The Washington Post’s Steve Friess and William Wan don’t seem to have had much trouble finding people in Michigan (let’s go out on a limb and guess we’re talking about white people) willing to say things like “I had my daughter’s birthday party yesterday, and that’s just much more important to me than whether potential terrorists have had their feelings hurt.” Here’s hoping those people read the story they’re quoted in, and take even a split second to think about these “potential terrorists” and their “hurt feelings.”
It took half an hour to get through to Ankara, Turkey, where they had left their pregnant daughter, Enas, and her husband three months ago. Back then, it seemed only a matter of time before the young couple would join the Badats and their three younger children in Bloomfield Township in the Detroit suburbs, where they had gained entry as Syrian refugees. Then President Trump issued his visa ban. Overnight, their world shifted.
By the time they reached Enas over a shaky WhatsApp connection Sunday morning, everyone on both sides of the line was crying.
“It took so long to be pregnant; I wanted you to be able to help me,” said Enas, 25 and due in March. She appeared on the phone’s tiny screen in a black hijab, sitting before a tattered gray curtain. Money had grown so tight in recent days she told them, that she was eating little more than small bits of bread and cheese.
“I can’t believe I will now be on my own,” she said.
Gosh, that sounds trivial next to a kid’s birthday party, doesn’t it?
The Post, among others, is doing a great job covering the stories of people and families affected by Donald Trump’s Muslim ban.

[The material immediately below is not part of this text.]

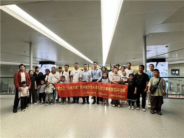 7月15日,今年5月在威宁开展的沪黔九三“心动万家”儿童先心病公益筛查活动中筛出的第一批符合手术条件的10名先心患儿在家长的陪护下抵达上海,将在上海德达医院进行免费手术治疗。九三学社上海市委社会服务部部长戎伟栋等到虹桥机场接机。

Like Khaldoon Alaswad, an American citizen who can’t visit his elderly mother in Syria because, as an outspoken critic of the Assad regime, it would be too dangerous for him. He’d convinced her to visit him and her grandchildren in the U.S., but now, thanks to Trump’s Muslim ban, Alaswad may not have another chance to see his mother before she dies.

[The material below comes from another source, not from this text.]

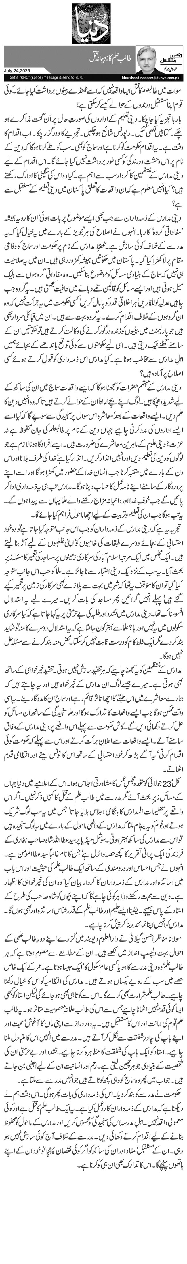 مولانا مناظر احسن گیلانی نے دارالعلوم دیوبند میں گزرے اپنے دورِ طالب علمی کے احوال بہت دلچسپ انداز میں لکھے ہیں۔ ان کے مطالعے سے معلوم ہوتا ہے کہ ہر طالب علم‘ وہ دینی مدرسے کا ہو یا کسی عام سکول کا‘ ایک جیسا ہوتا ہے۔ عمر کے ایک خاص حصے میں سب کے رویے یکساں ہوتے ہیں۔ مدارس کی انتظامیہ کو اس کا خیال رکھنا چاہیے۔ طالب علم شرارت بھی کرے گا۔ اس سے کوتاہی بھی ہو جائے گی لیکن استاد کو کبھی ایسا کوئی قدم نہیں اٹھانا چاہیے جس سے اس کی طالب علمانہ معصومیت متاثر ہو۔ یہ طالب علم قوم کی امانت اور اس کا مستقبل ہیں۔ یہ دور دراز سے اپنی ماں کا آغوش‘ محبت اور اپنے باپ کی چادرِ شفقت سے نکل کر آتے ہیں۔ مدرسے میں انہیں اس کا متبادل ملنا چاہیے۔ استاد کو ایک باپ کی شفقت کا مظاہرہ کرنا چاہیے۔ تشدد اور بے حرمتی ان کی شخصیت کے بنیادی جوہر چھین لیتی ہے۔ رحم اور انسانیت ان کے لیے اجنبی بن جاتے ہیں۔ جواب میں پھر وہ سماج کو وہی کچھ لوٹاتے ہیں جو انہیں مدرسے سے ملتا ہے۔
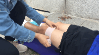 加压包扎我们采用的是螺旋形包扎法,即用下一段覆盖上一段的1/3缠绕覆盖整个大腿。一般若是场上有专业人士(队医/康复师等),他们会检查拉伤程度和具体拉伤位置,然后在痛点加压放垫片后采用麦穗式加压包扎,但考虑到普通足球爱好者没有那么专业的材料,因此我们介绍的是最简单易行的螺旋形加压包扎法。

Or Vahideh Rasekhi, a graduate student at Stony Brook University, trying to come back to school after visiting her family in Iran and having her student visa renewed. She was put on a plane back to Iran after a federal judge blocked Trump’s Muslim ban. When she called a friend to say she’d been detained:
“She was a little rattled, her voice was a little shaky,” said Smyth, who tried to calm her by telling her about the federal judge’s stay on Trump’s order. “She said, ‘No one here seems to know that — they’re planning on putting me on a plane.’”
The plane made it to the runway before it turned around to let Rasekhi off.

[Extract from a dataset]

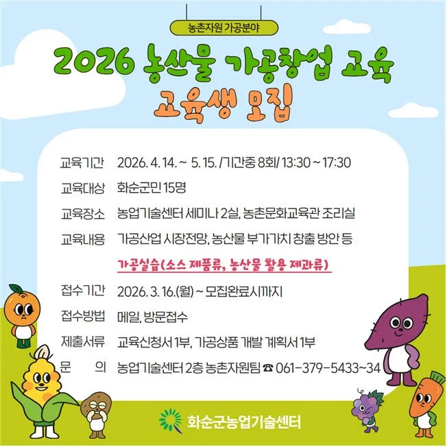 신청은 3월 16일부터 화순군농업기술센터 농촌자원팀을 통해 방문 또는 이메일로 접수할 수 있으며, 농산물 가공에 관심 있는 화순군민이면 누구나 신청이 가능하다.

Or Hamid Kargaran, waiting to see if his wife—a green card holder—would be allowed to return from visiting her parents in Iran.
For two sleepless days, Kargaran said, he has desperately tried to get information from airlines, government officials, friends and family. At one point, he staked out a part of San Francisco International Airport where Customs and Border Protection officers take their break. Three of them gave him different answers to the same questions; one of them told him: “Iranians are not our friends.”
It’s been a shock to a man who joined pro-American demonstrations in Tehran after terrorists struck the United States on Sept. 11, 2001. What he was hearing now, as friends advised him to scrub from his phone any social media posts that suggested he disagreed with Trump, reminded him of the Iranian repression that drove him from the country.
Then there’s the 5-year-old who was detained for hours at the airport before being released to his terrified mother.
But, you know, these potential terrorists and their hurt feelings just don’t stack up to a child’s birthday party.